鈴鹿市教委 オンライン学習動画制作 休校の小中用 三重

【英語の教科書を使ってオンライン学習用の動画を撮影するALTら=鈴鹿市役所で】

【鈴鹿】新型コロナウイルスの感染拡大による小中学校の休校に伴い、三重県の鈴鹿市教委はオンライン学習に使う動画の制作を始めた。7日の配信開始を目標に英語の収録が進む。他教科は今後、各校で制作する。

6人の外国語指導助手(ALT)が中心となり、先月27日から収録を始めた。1本当たり2―8分間程度で、小3―中3までの学年ごとに10本ずつ制作する予定。1日は中2用の動画などを収録した。

ALTは、いずれも米国籍で小学校担当が1人、中学校担当が5人。

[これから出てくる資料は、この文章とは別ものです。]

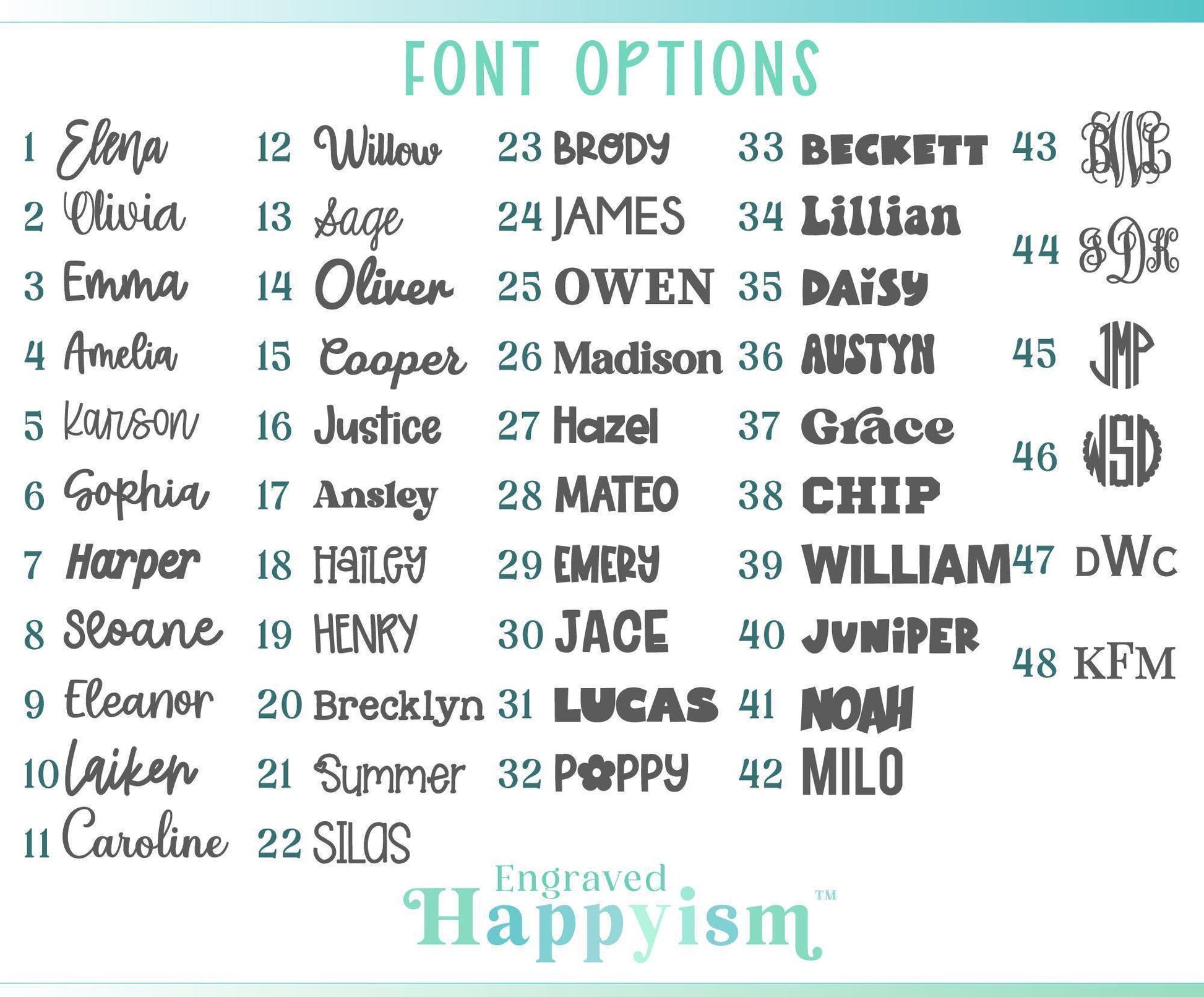 • Size: 1–1.5” tall x up to 5” wide (varies by name length)
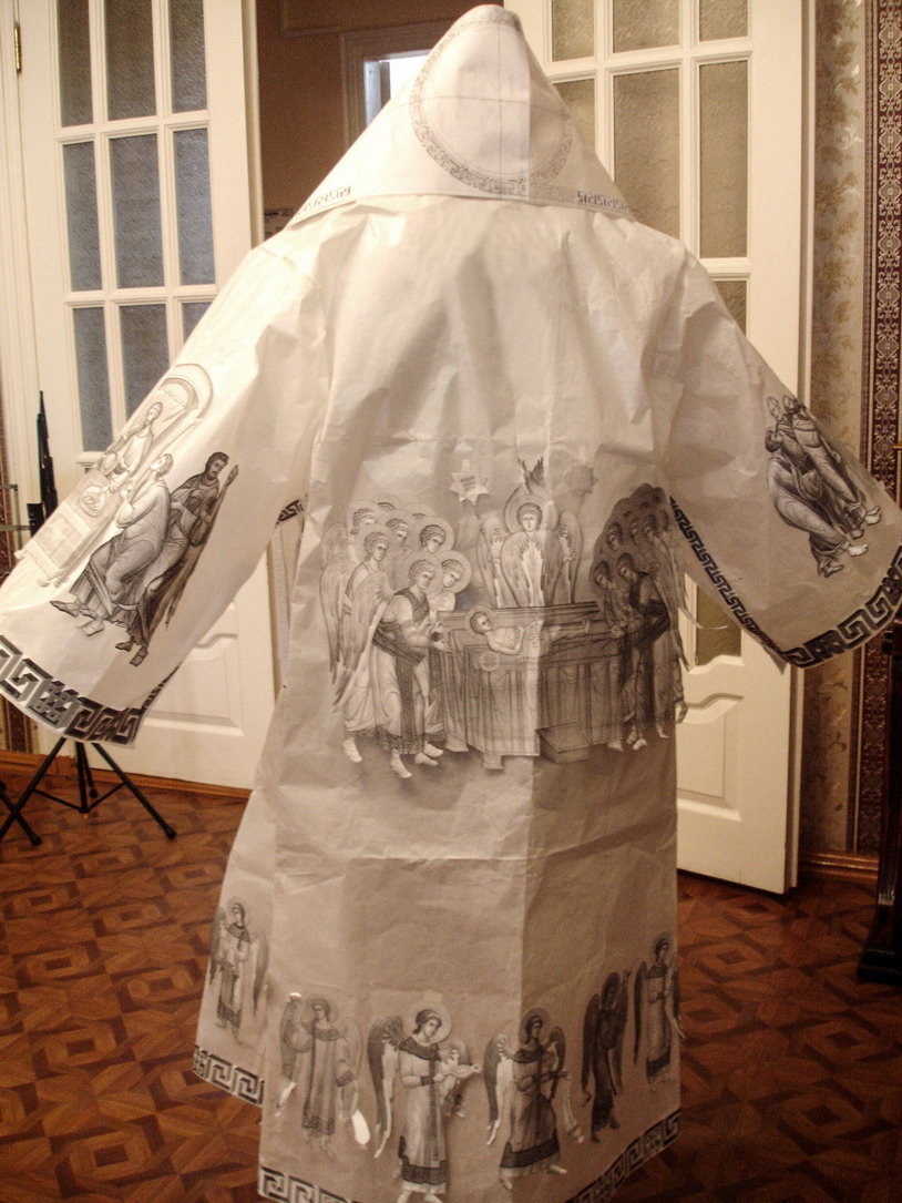 Этот макет облачения из бумаги сестры сделали, чтобы посмотреть общую композицию изделия. Для них это был хороший опыт, который очень помог в дальнейшей работе над облачением.
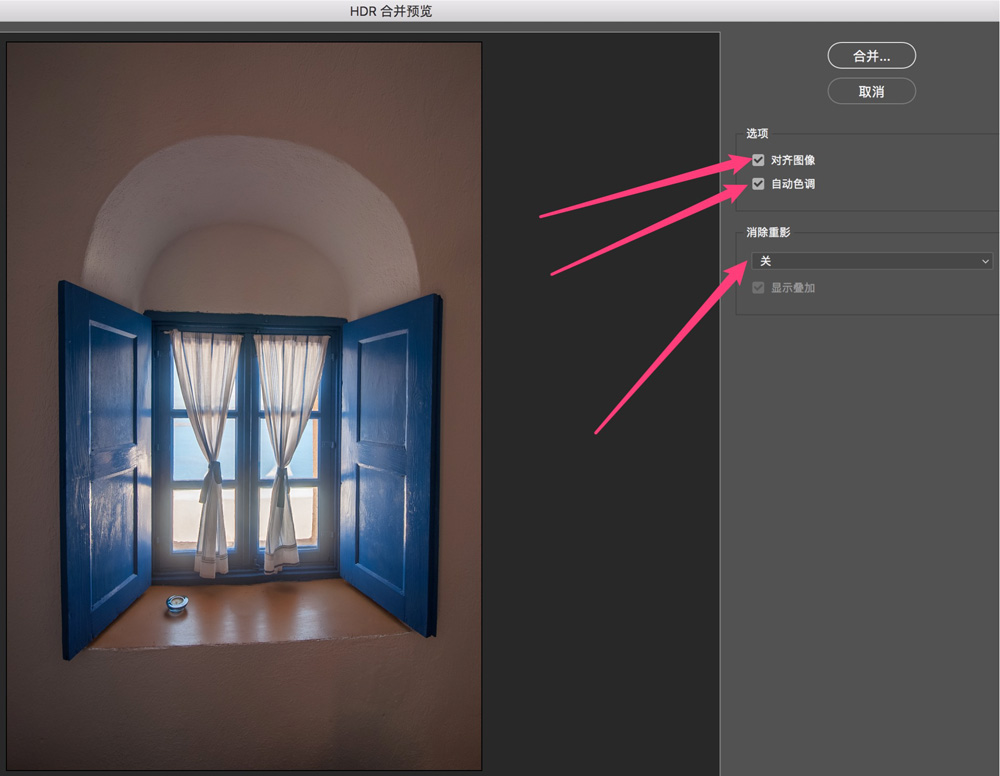 一会儿之后,我们就进入了HDR合成面板。面板上主要有3个设置项。
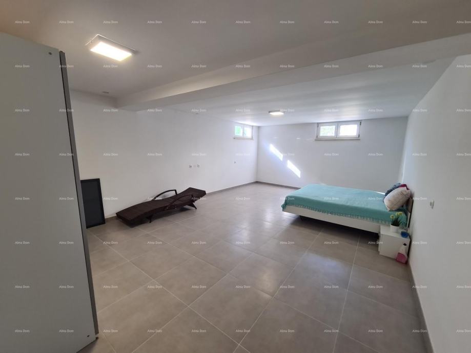 Sastoji se od ulaznog hodnika, dvije spavaće sobe, kupaonice, kuhinje s blagavaonicom te dnevnim boravkom i velikom terasom. Unutarnje stepenice iz dnevnog boravka vode na donju etažu gdje se nalazi velika spavaća soba.
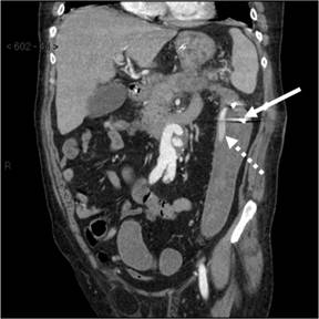 Figure 2. Coronal reformatted CT image demonstrates the position of the percutaneous drain in the colon lumen (arrow) and extravasated intravenous contrast mixed with unopacified blood in the descending colon (interrupted arrow). |
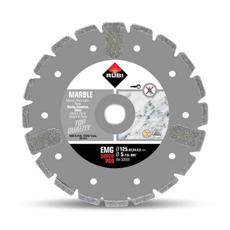 Overall, this is the blade that all building professionals need for cutting materials that pose a high risk of fracture, especially marble and fibreglass. Using electroplated diamond blades, such as the RUBI EMG, reduces vibrations during dry cutting with a grinder.
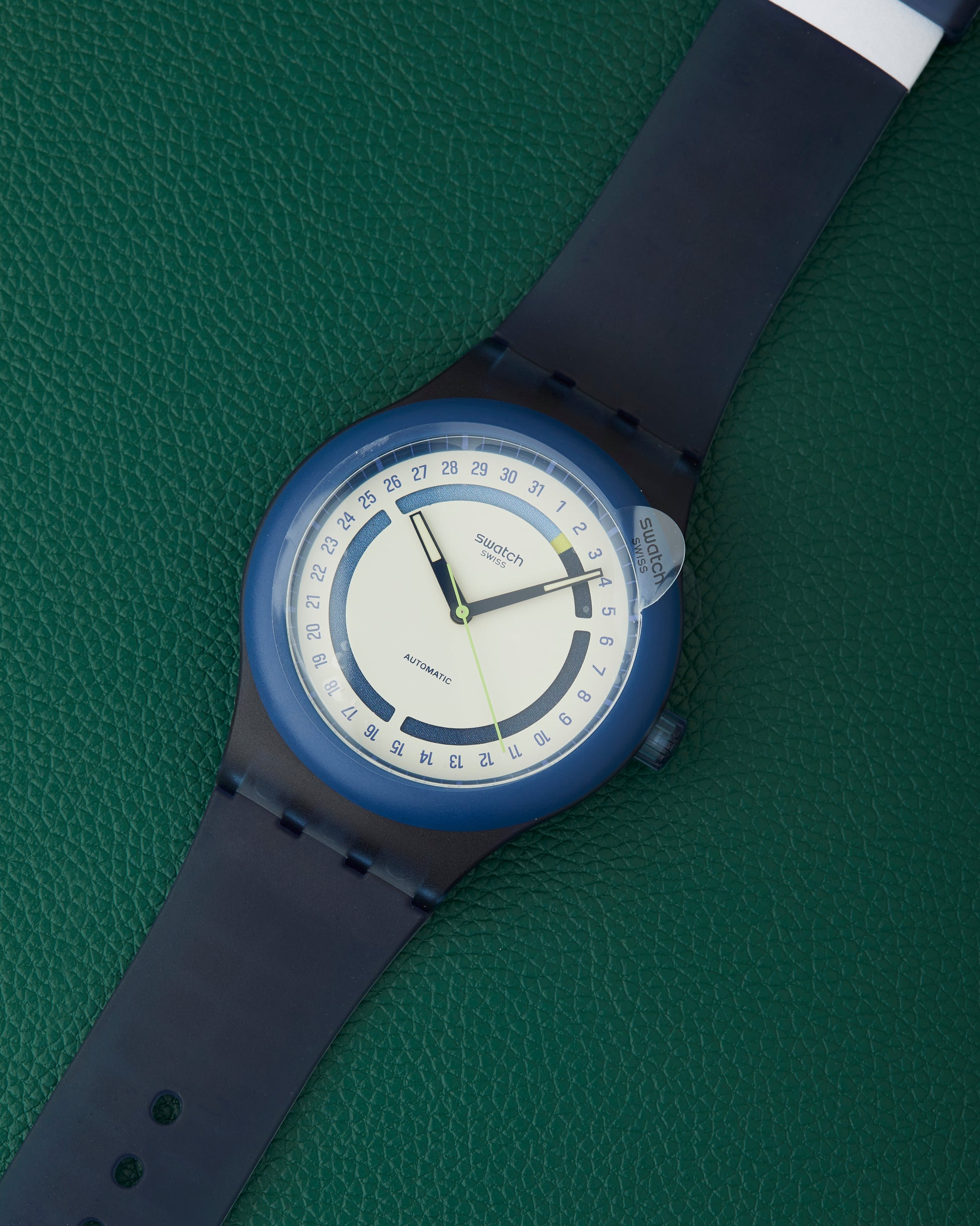 In unworn condition, the 42mm semi-transparent plastic case comes in a dark blue shade.
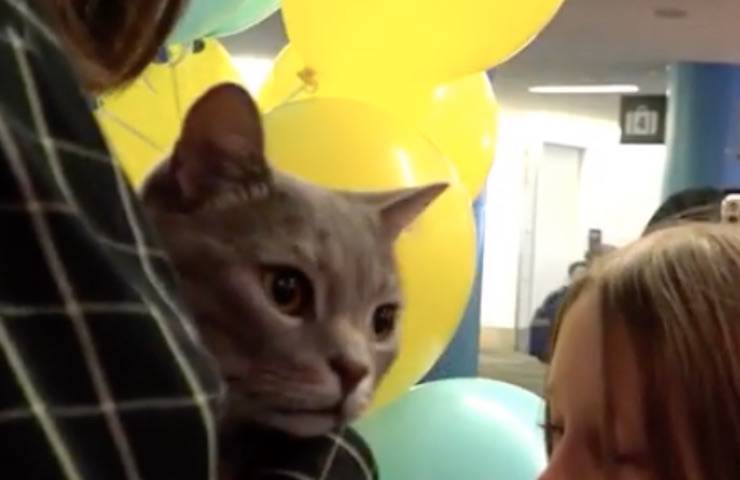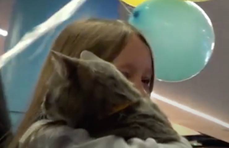 Il momento dell’attesissimo incontro tra Agnessa e Arsenii, finalmente riunitisi tra “lacrime e sorrisi” – come riporta infine l’emittente statunitense nel servizio ad essi interamente dedicato, è stato immortalato all’interno dell’aeroporto della città. La bimba e il suo micio si abbracciano commossi tra i palloncini colorati, che sembrano dare nuovamente inizio alle loro indimenticabili sessioni di gioco.
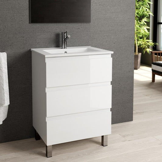 Eviva Vitta 24" x 34" White Freestanding Bathroom Vanity With White Integrated Porcelain Sink
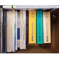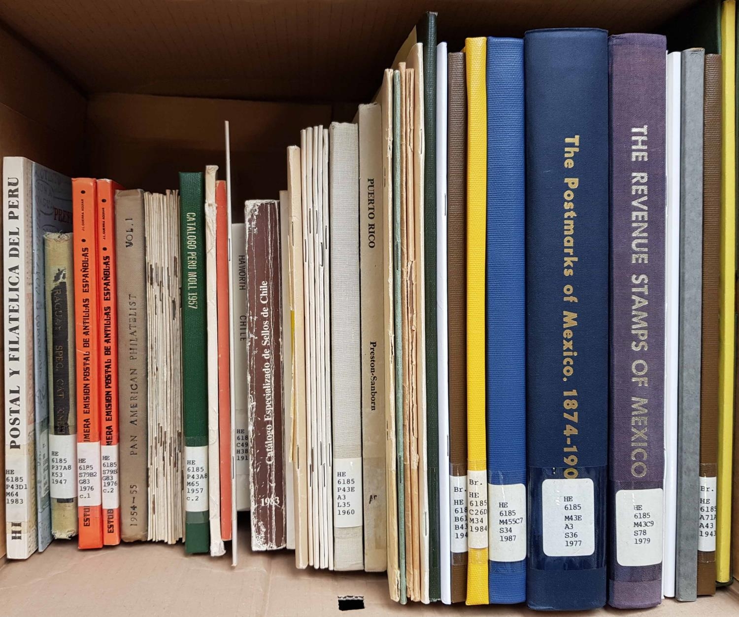 CENTRAL & SOUTH AMERICA: One box containing a large number of publications. Noted Postmarks of Mexico by Shimmer, Revenue Stamps of Mexico by Stevens, Perou Obilterations by Lamy, Postal History of Puerto Rico by Preston. (50)

ホワイトボードの前で教科書を音読したり、単語の発声をしたりする様子をスマートフォンで撮影し、パソコンで編集している。

白鳥中と大木中を担当しているマイケルス=ジョーダンさん(24)は「学習を支援するだけでなく、孤独を感じている子どもたちにとっては精神面での支えとなるような動画にしたい」と話していた。

子どもたちには、自宅のパソコンなどで各校のホームページにアクセスして視聴してもらう。インターネット環境がない家庭には、動画をDVDにして貸し出すなどの対応策を検討している。

市教委はインターネット環境がない家庭への対応について「各家庭に整備してもらう意図はなく、対応策もしっかり検討する。始まったばかりで手探りだが、できることをやろうと進めている」としている。